自律は手段、自立は目的
以上より、自律と自立の違いが明確になった。
また、自律か自立かは無意味な議論であることもわかった。
なぜなら、自律とは外的要因(脅威)に脅かされない自立した状態(無競争状態)を創り上げる能力であり、自律と自立とは互いに因果関係にあるからだ。
つまり、自律の目的とは、自立である。
それは、排他力を発揮し、外的要因を排除する、脅威が及ばないようにすることであり、その目的において、あらかじめ外的要因(脅威)が及ばない無競争状態の環境を選択することは戦略的に正しい。
自律が自立の上位概念なのではなく、目的としての自立が手段としての自律の上位概念なのだ。
余談であるが、自律型人材(自ら主体的に考え行動する人材)の育て方については以下が参考になる。
自律とは自分で自分の未来をつくること
こうして、再度冒頭の辞書的な意味を振り返ってみると、なるほど、自立はあり方・姿勢、つまり「状態」を示しており、自律はやり方・方法、つまり「行動」を示している。

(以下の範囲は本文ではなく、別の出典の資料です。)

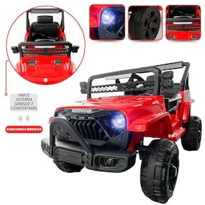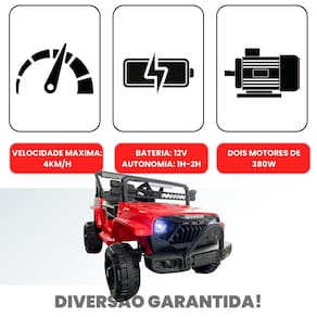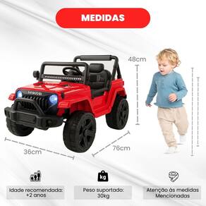Especificações Técnicas: - Modelo Jeep Rubicon - Dimensões (C x L x A) 96 cm x 59 cm x 57 cm - Peso Suportado Até 30 kg - Peso do Produto 12 kg - Bateria 2 baterias de 6V (12V no total) - Potência Total 720W

それは、対立する概念ではなく、因果関係で結ばれた概念なのだ。
われわれは自立するために自律するのである。もっといえば、目まぐるしく変化し続ける環境に適応するために、自律し続けるのだ。
自律を諦めた人間に、自分でつくる自分の明るい未来があるとは思えない。あるのは、他人がつくった他人の未来だ。他律依存、指示命令、支配服従の世界だ。
自律し自立を目指す姿勢は、現状打破の創造活動であり、他律依存の姿勢は、現状維持の改善活動である。